Nicht alles ist gut für die Ukraine von Stephen Bryen

All is not well for Ukraine

The delivery of tanks, advanced air defense systems and potentially long-range ground-launched bombs may be a response to Ukraine’s dire requests, but it also brings with it a new load of problems. These hastily and urgently provided supplies indicate that all is not well in Kiev and that it is closer than ever to losing the war with Russia.

Ukraine says it needs bigger and better weapons to defeat Russia. Image: Twitter / New Statesman


Westliche Berichte, die die ukrainische Propaganda nachplappern, werden durch Kiews dringenden Ruf nach besseren Waffen widerlegt, während sich die Anzeichen mehren, dass die Ukraine den Krieg verliert

Nicht alles ist gut für die Ukraine

von Stephen Bryen

24. Januar 2023

Die Ukraine sagt, sie brauche größere und bessere Waffen, um Russland zu besiegen.
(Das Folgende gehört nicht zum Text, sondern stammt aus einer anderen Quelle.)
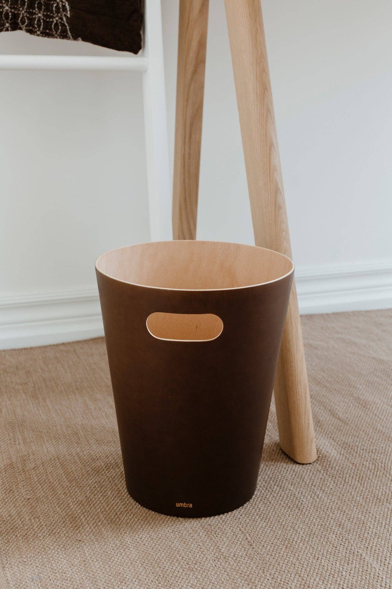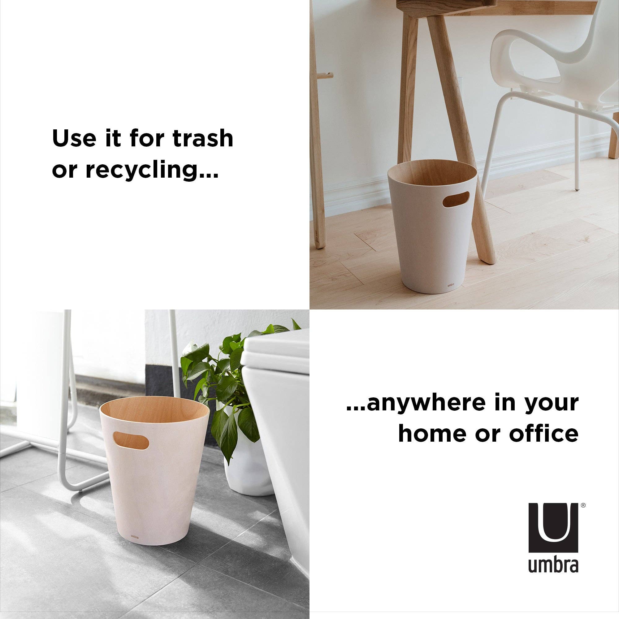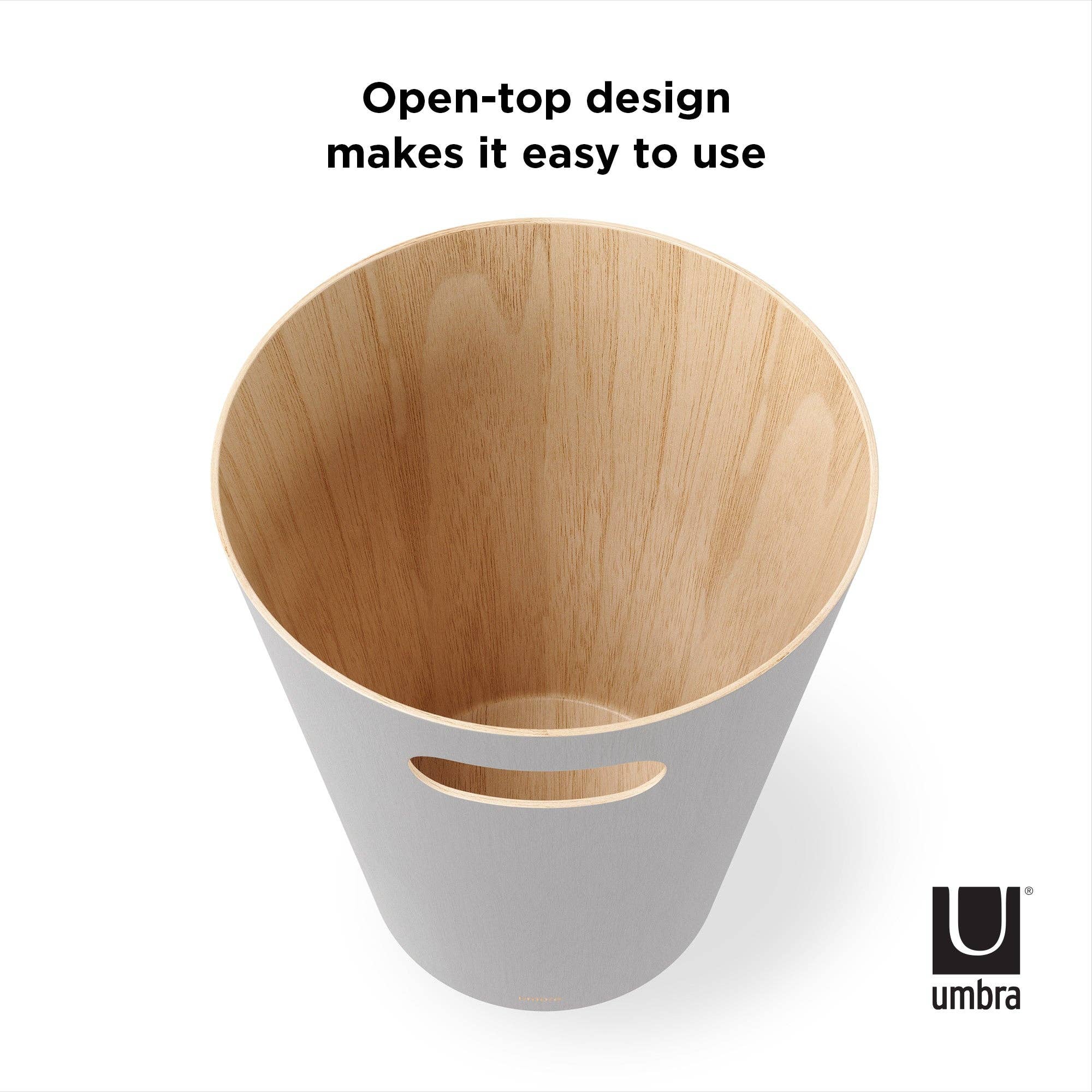 Umbra Woodrow Trash Can 2-Gallon (7.5 L) CapacityWoodrow is a contemporary waste can that adds a modern touch to any space. The two-tone can combines a natural wood interior with a stained finish on the outer surface, which helps to warm and ground a room. Featuring conveniently integrated handles, Woodrow is freely moveable and disposing of waste and recycling is hassle-free. The beautifully curved wooden can is perfect for any powder room, bathroom, office, or study, and transforms a basic household product into an eye-catching piece of decor. Measuring 9” in diameter and 11” tall with a capacity of 2 gallons (7.5 L), Woodrow trash can is great for small spaces.
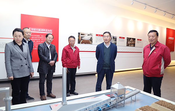 市應(yīng)急管理局黨組書記、局長劉愛國在(右二)“中國白酒智能化釀酒示范車間”

Bild: Twitter / New Statesman

Die Lieferung von Panzern, fortschrittlichen Luftabwehrsystemen und potenziell bodengestützten Langstreckenbomben mag eine Antwort auf die dringenden Bitten der Ukraine sein, aber sie bringt auch eine Menge neuer Probleme mit sich.

Diese übereilten und dringenden Lieferungen zeigen, dass in Kiew nicht alles in Ordnung ist und dass das Land näher denn je daran ist, den Krieg mit Russland zu verlieren. Es handelt sich nicht um einen Eins-zu-eins-Ersatz für verlorene Ausrüstung: Die meisten dieser Lieferungen zielen darauf ab, das Kriegsglück zu Gunsten der Ukraine zu wenden.

Mindestens eine der geplanten Waffen, eine bodengestützte Langstreckenbombe mit einer Reichweite von 100 Meilen, bekannt als ATACMS, würde den Krieg von ukrainischem auf russisches Gebiet verlagern.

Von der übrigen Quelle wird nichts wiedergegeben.